Switching from data science to software engineering at age 36
November 29, 2021 11:14 PM   Subscribe

I've been a data scientist for 4 years and am looking at transitioning to software engineering in the next year. Looking for input on how feasible this is overall, and general guidance.

I've been a DS who's always preferred the coding part of the job over other aspects. I'm a decent Python programmer (creating my own libraries, using OO) but never formally studied CS (majored in aerospace engineering). I think it'd make sense for me to switch to SWE, for more money and more work that I actually like. I've got a rough plan to do this taking 6-8 months, involving studying data structures & algos and working with an online bootcamp. I plan to Leetcode and do mock interviews extensively. I've googled this a fair amount and spent time sifting through HN and Blind, but was curious to see what MeFi might have to say. So, questions...

1. Is 36 too old to get started in this, realistically? How much age discrimination might I encounter? I have a life and can't work long nights, weekends frequently, like some new grads. Once in a while is fine. I also don't want to go into management at 40.

2. How hard will it be to break into entry-level SWE positions, overall? I've heard it is really competitive right now. I've also heard of people transitioning in as mid-level SWEs (less competitive), but that it takes more work (system design studying it seems).

3. Should I time it so that I'm applying in the fall to get into the new grad hiring cycle?

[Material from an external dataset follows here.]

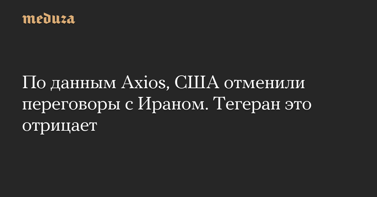 По данным Axios, США отменили переговоры с Ираном. Тегеран это отрицает
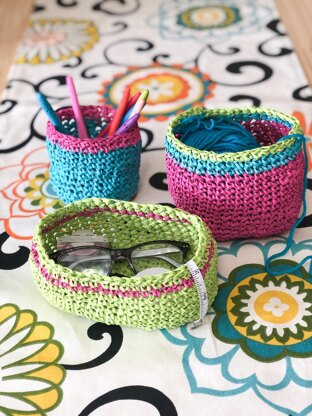 Basic crochet skills are all it takes to make these Easy Little Crochet Baskets. Using just single crochet and small amounts of yarn, you'll be soon be turning these out by the dozen! They'll hold your crochet hooks, pencils, paperclips, glasses, keys, or tiny treasures.

I'm hoping to get into a stable tech company in the Seattle area, if that matters any. Doesn't need to a big name like MS, there are places like DocuSign, DomainTools, others that I'd be content with. Really just want a job that is programming-centric that pays more than data science.
posted by mnemonic to Computers & Internet (8 answers total) 6 users marked this as a favorite
 
Best answer: It is never too old to switch careers, but there are a TON of different specializations in software engineering, and you may need to decide which field to specialize in, and figure out what sort of demand is there for someone who know data science, system engineering (aka data engineering), plus now trained in software engineering by adding some CS courses. Perhaps reach out via your network and see if there's a role model / mentor who can advise you on a potential career path in a different company, maybe even someone you want to work for, and what sort of people are they looking for (i.e. are they looking for someone like you).

If a company hires, they hire all the time. New grad hiring is more for big companies needing a new group of interns to take on some projects that their regular engineers don't consider a priority.
posted by kschang at 11:25 PM on November 29, 2021 [1 favorite]


Best answer: I can't really speak to the expectations of the Python market, or Seattle, but my read as a developer is that you're in a reasonable place to transition with your Python experience. Your data familiarity will be, naturally, pretty useful.

While data structures and algorithms is mostly to succeed at the interview, the big question I'd want to know is whether you can build a semi-complicated piece of work that involves multiple classes and makes some intelligent choices when it comes to design. For that reason, I'd suggest focusing on Leetcode and similar, and I'd imagine your existing experience with the gaps filled might justify going for mid-level positions.
posted by Merus at 11:34 PM on November 29, 2021 [5 favorites]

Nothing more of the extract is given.